“Always in the big woods when you leave familiar ground and step off alone into a new place there will be, along with the feelings of curiosity and excitement, a little nagging of dread. It is the ancient fear of the Unknown, and it is your first bond with the wilderness you are going into.” ~Wendell Berry
When I was realizing that Kangaroo the Dog was turning 3 months old this past week, I thought, “Hey, didn’t I have my last hip surgery around this time last year?”
Turns out the very next day was my one year anniversary so I headed up into the mountains to celebrate by finally running my friend El’s patented Humpty Hump run stringing together two peaks behind the University of Utah – VanCott and Mt. Wire – for a total of 10 miles and over 3,600 feet of gain.
My last three winters have been consumed by hip surgeries, crutching, and nearly endless rehabilitation that I almost don’t know what to do with myself now that the evenings are getting darker and the snow is beginning to fall. Heck I just did squats, lunges, and crabwalks around my living room listening to audiobooks just for old times’ sake.
By 1-year post-FAI surgrey recovery I have…
- *Returned to running, skiing, climbing, cycling, and yoga with no restrictions or hip pain whatsoever
- *Spent more time this summer running in the mountains than any year ever before
- *Completed the supposed most difficult 50K trail race in the country – The Rut 50K
- *Ran several short trail races and took 3rd place in the inaugural Burn 10K road run
- *Did a few backpacking trips including 40 miles through Utah’s Grand Gulch
Although I am excited for winter and my seemingly mobile future, it is almost like I have gotten into a comfortable routine with surgeries and rehab that I, GASP, don’t know what to do with myself right now. I feel restless and a little uncertain.
Maybe I am still waiting for the other shoe to drop (although I don’t really have any shoes left) or maybe it is a little hard to accept that all this hip drama is behind me or perhaps this is just my first bond with the new life I am going into as Mr. Berry suggests above. All I know it has been one long haul.
The Long Haul…
- FAI Surgery #1 – December 9, 2011: Left hip femoroplasty, acetabuloplasty, labral repair, and iliopsoas tendon release.
- Capsular Repair – January 17, 2013: Left hip capsular repair (tightening of iliofemoral ligament) along with some cartilage debridement and scar tissue removal.
- FAI Surgery #2 – November 14, 2013: Right hip femoroplasty and capsular repair (tightening of iliofemoral ligament).
For so long I defined myself as “bad hip” girl so it is a little bit of a switch to define myself as something else.

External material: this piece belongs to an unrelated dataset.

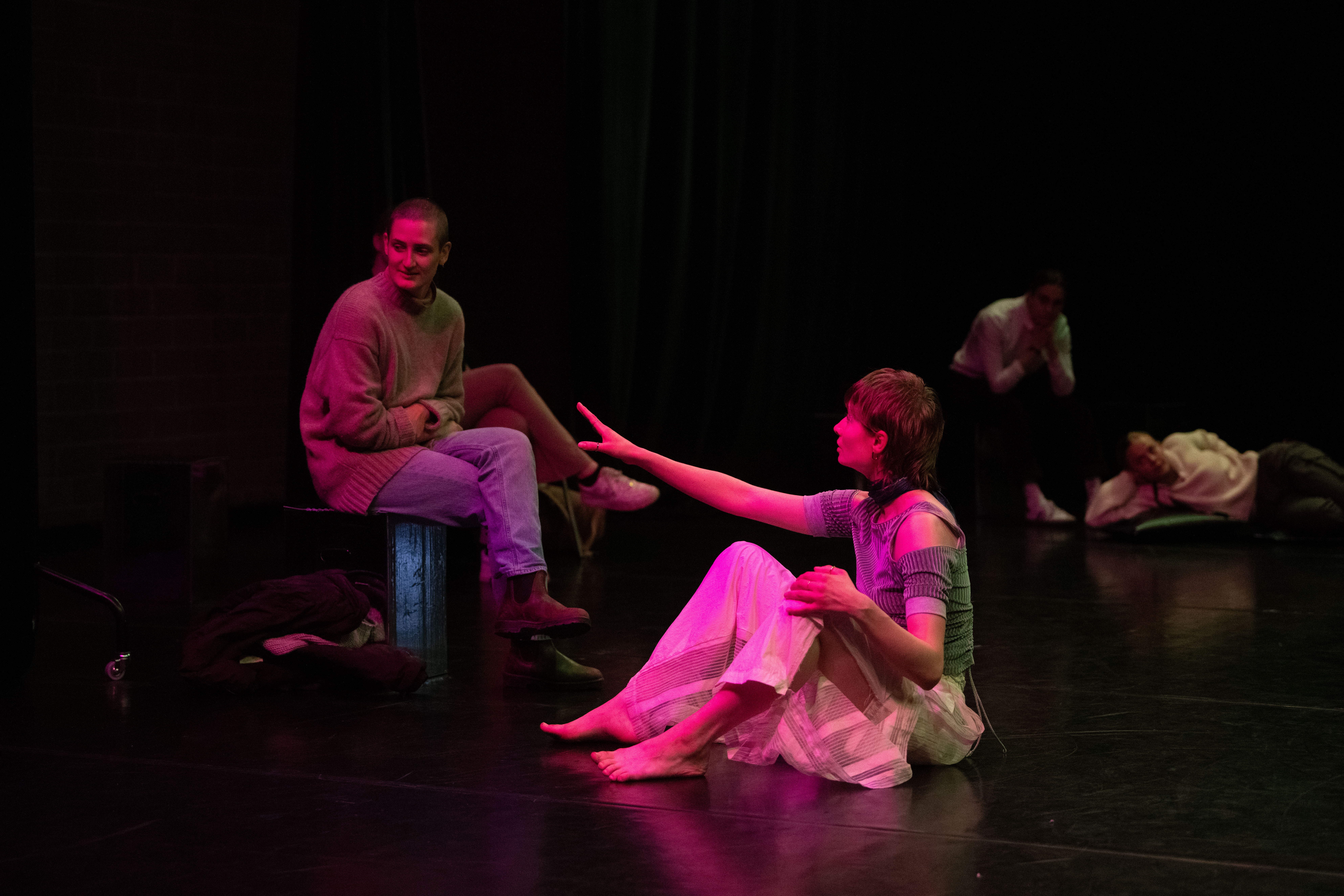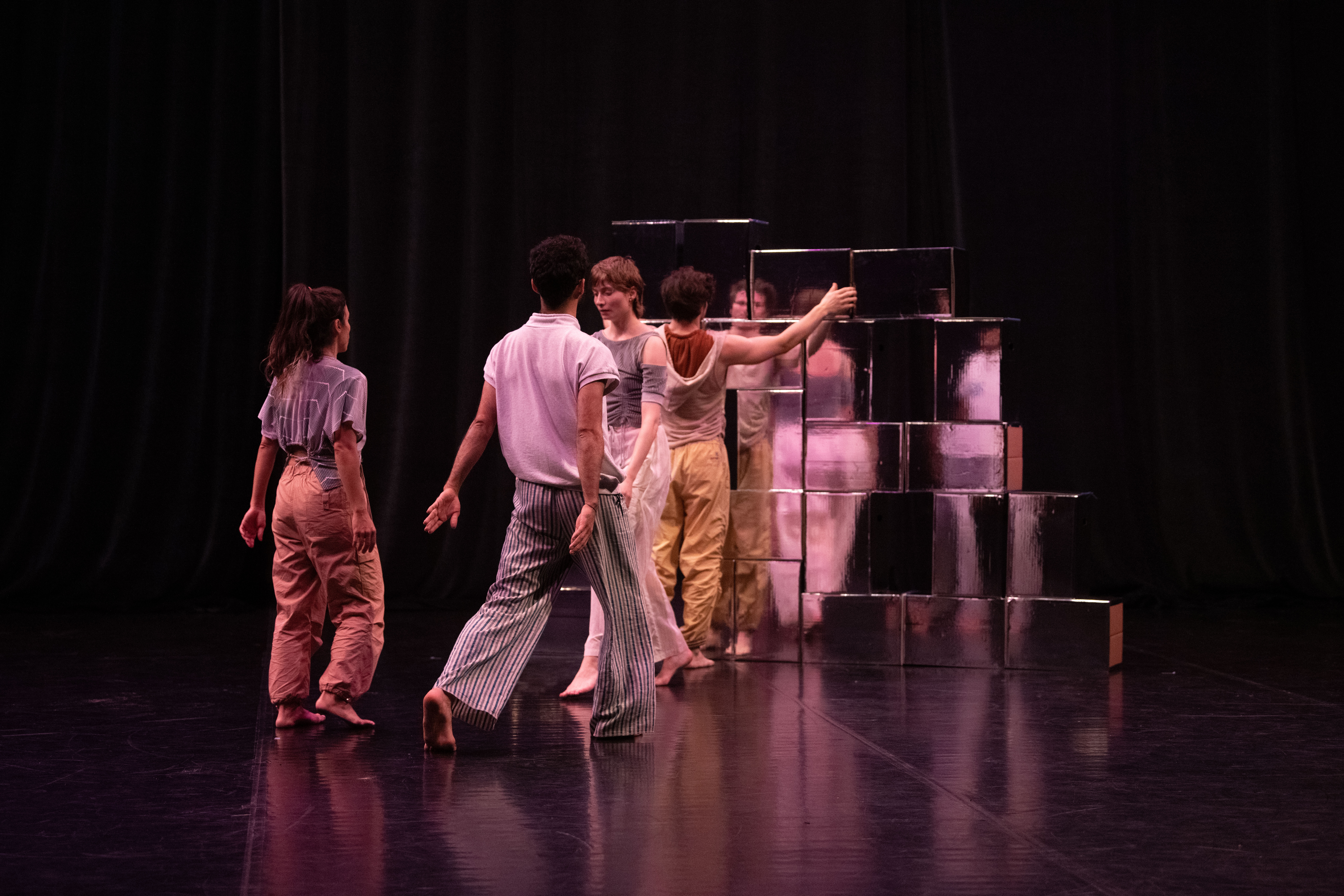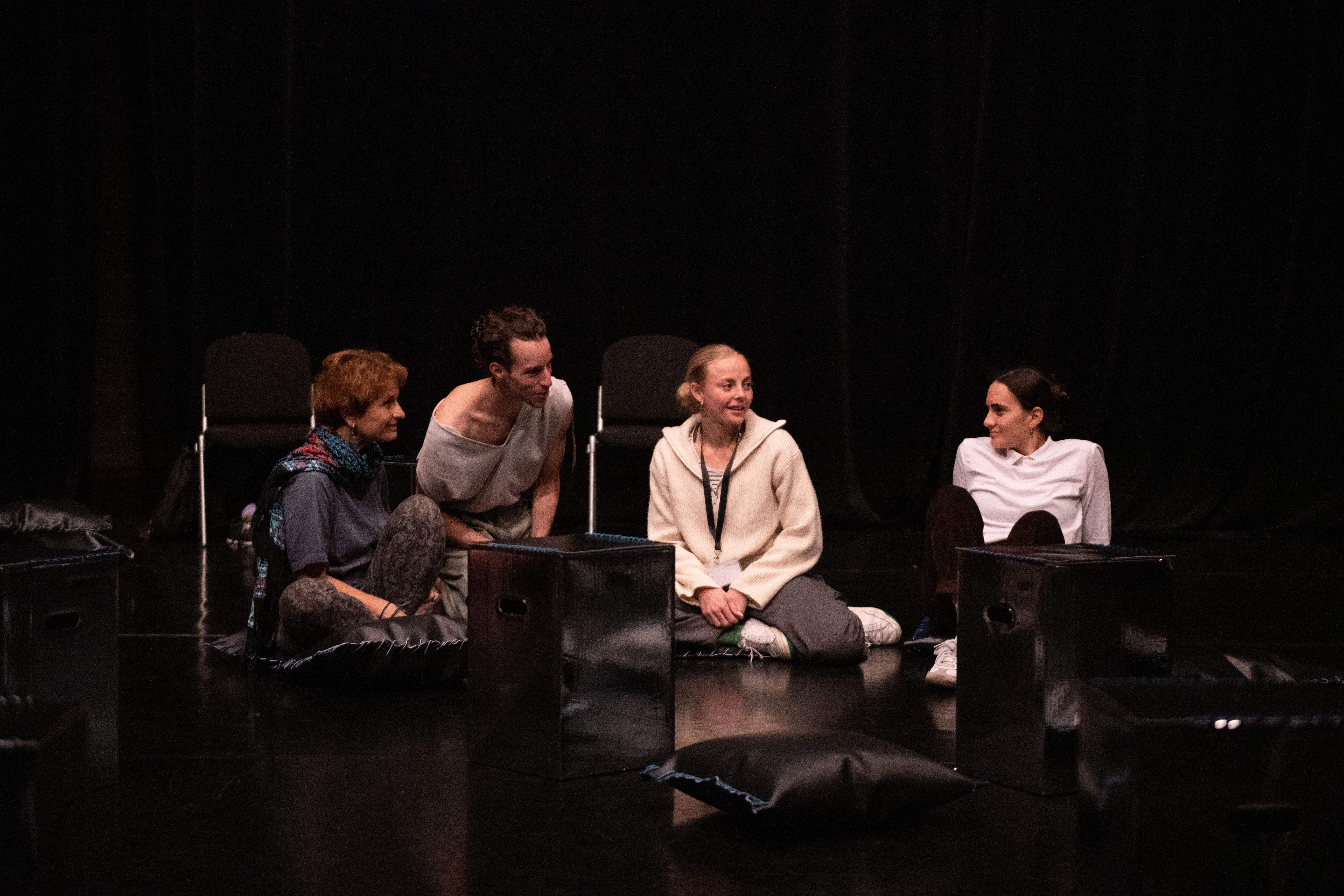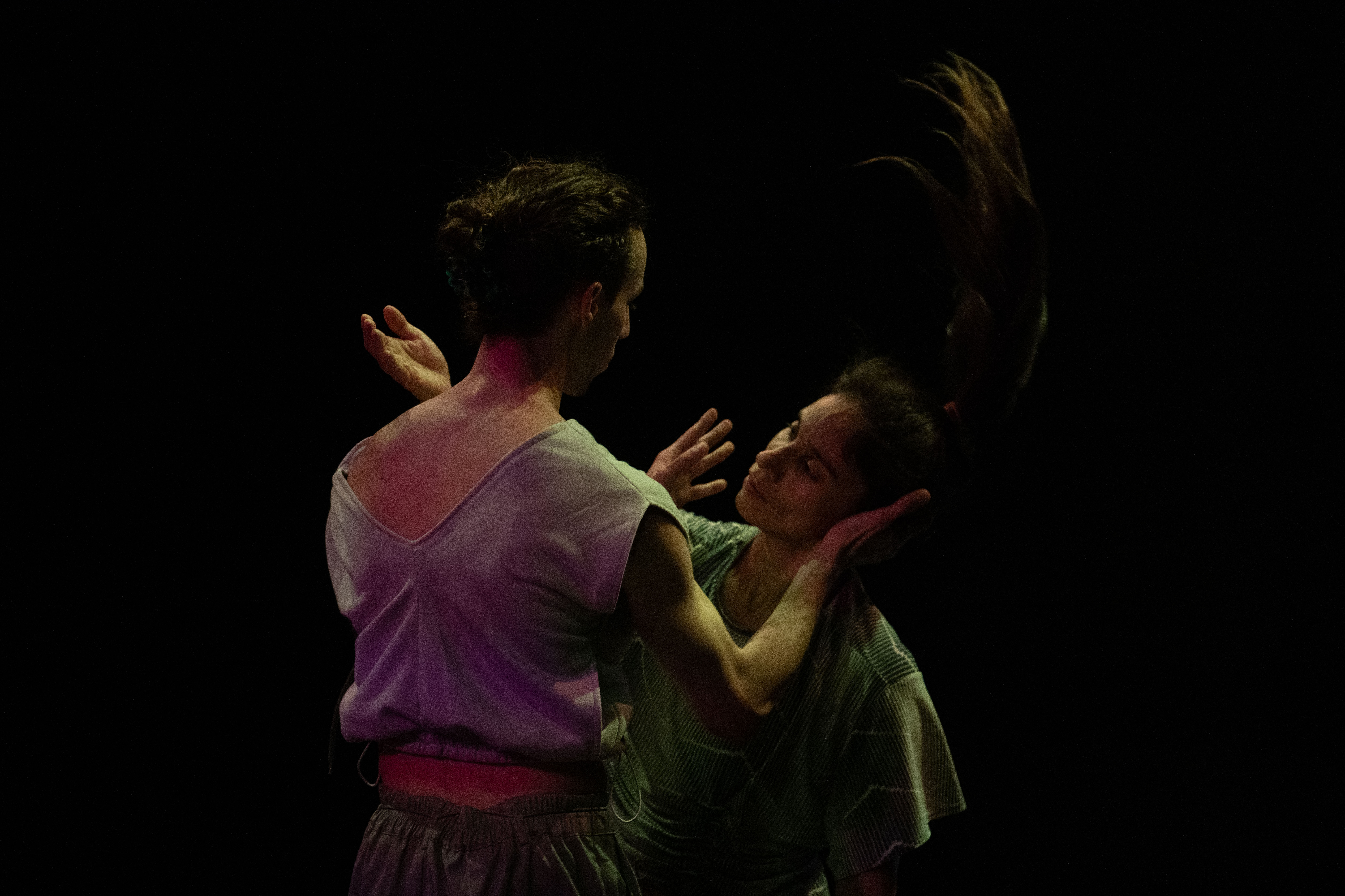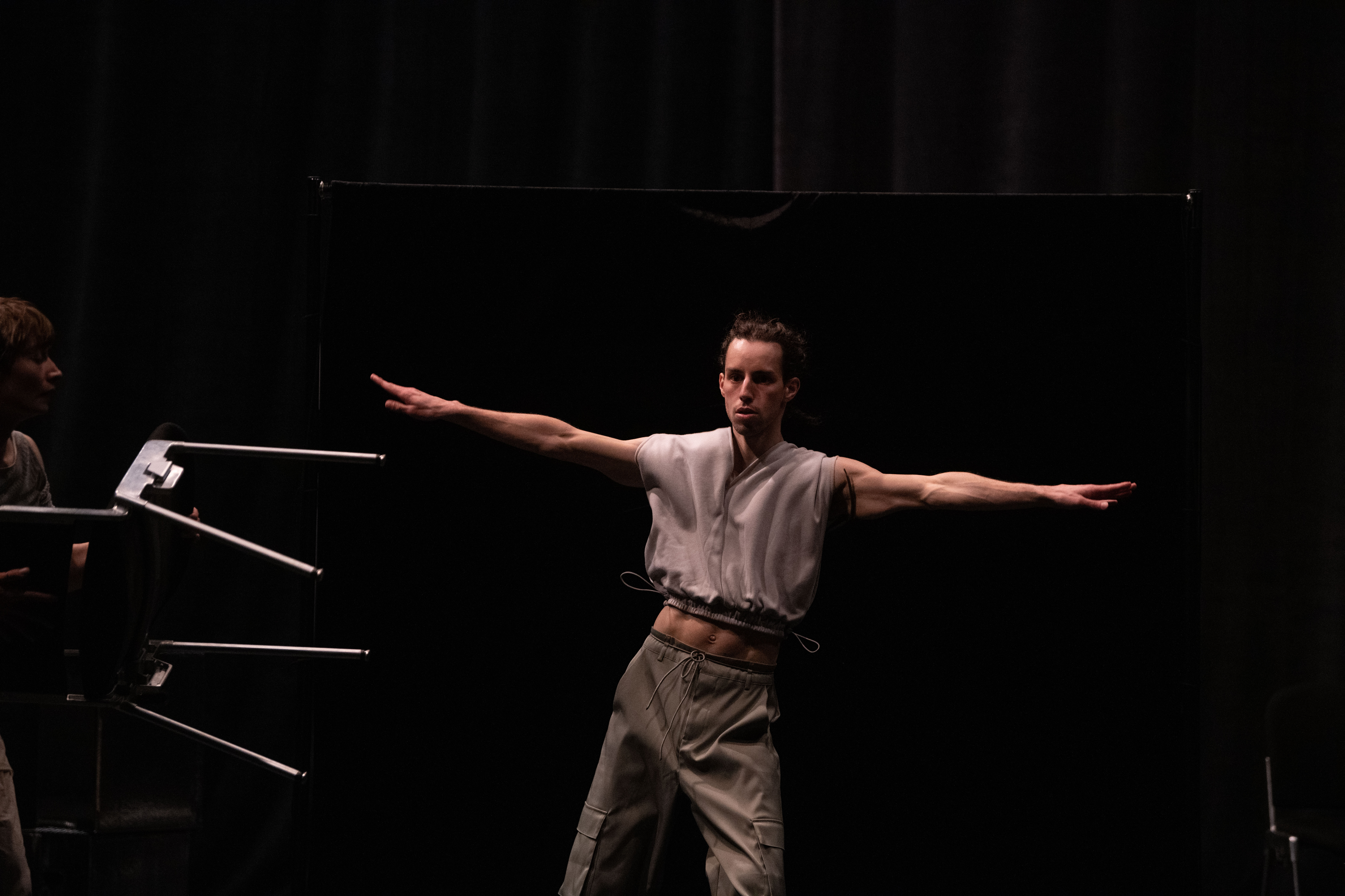 In NAH, the dancers continually approach the audience members scattered about the stage, sharing their movement motifs, choreographic processes and the emotions connected to this. Does this knowledge engender intimacy? The audience will also be enabled to keep changing the perspective in space. And the space, too, moves along and is part of the choreographic landscape that permanently transforms. This is about the attempt to shift the boundaries between audience and dancers while never completely dissolving them.

They call crutches a crutch for a reason – “anything that serves as a temporary and often inappropriate support, supplement, or substitute; prop.” And I would say my winters of crutching were a totally inappropriate substitute for the life I’ve wanted to live!
Without crutches, I have no excuse for not being awesome. There is really no limit to what I can do right now. I am making BIG plans for 2015 and heading into some previously uncharted territory which is equally exciting as it is frightening – like all good change usually is!